Since some PDF files need to be downloaded from a Web page, there are hundreds of PDF files to download, so it is not possible to download them manually. Python has the relevant modules, so I wrote a program to download the PDF file, and by the way, I was familiar with Python's Urllib module and ULRLLIB2 module.
1, the problem description
A PDF file containing hundreds of papers from the http://www.cvpapers.com/cvpr2014.html is required, as shown in the following illustration:
2, Problem solving
Automated downloads are implemented by combining Python's Urllib module with the URLLIB2 module.
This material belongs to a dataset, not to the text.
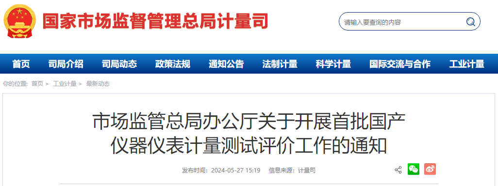 市場監管總局辦公廳關于開展首批國產儀器儀表計量測試評價工作的通知

The code is as follows:
test.py
#!/usr/bin/python #-*-coding:utf-8-*-import urllib #导入urllib模块 import urllib2 #导入urllib 2 Module Import re #导入正则表达式模块: RE module def getpdffromnet (inputurl): req = urllib2.
Request (inputurl) F = urllib2.urlopen (req) #打开网页 localdir = ' E:\downloadPDF\\ ' #下载PDF文件需要存储在本地的文件夹 Urllist = [] #用来存储提取的PDF下载的url的列表 for Eachline in F: #遍历网页的每一行 line = Eachline.strip () #去除行首位的空格, habitual writing if Re.match ('. *pdf.* ', line): #去匹配含有 "PDF" string of lines, only those lines have a pdf download address wordlist = line.split (' \ ") #以 "As a demarcation, separate the line so that the URL address is separately separated for word in wordlist: #遍历每个字符串 if Re.match ('. *\.pdf$ ', word): #去匹配含有"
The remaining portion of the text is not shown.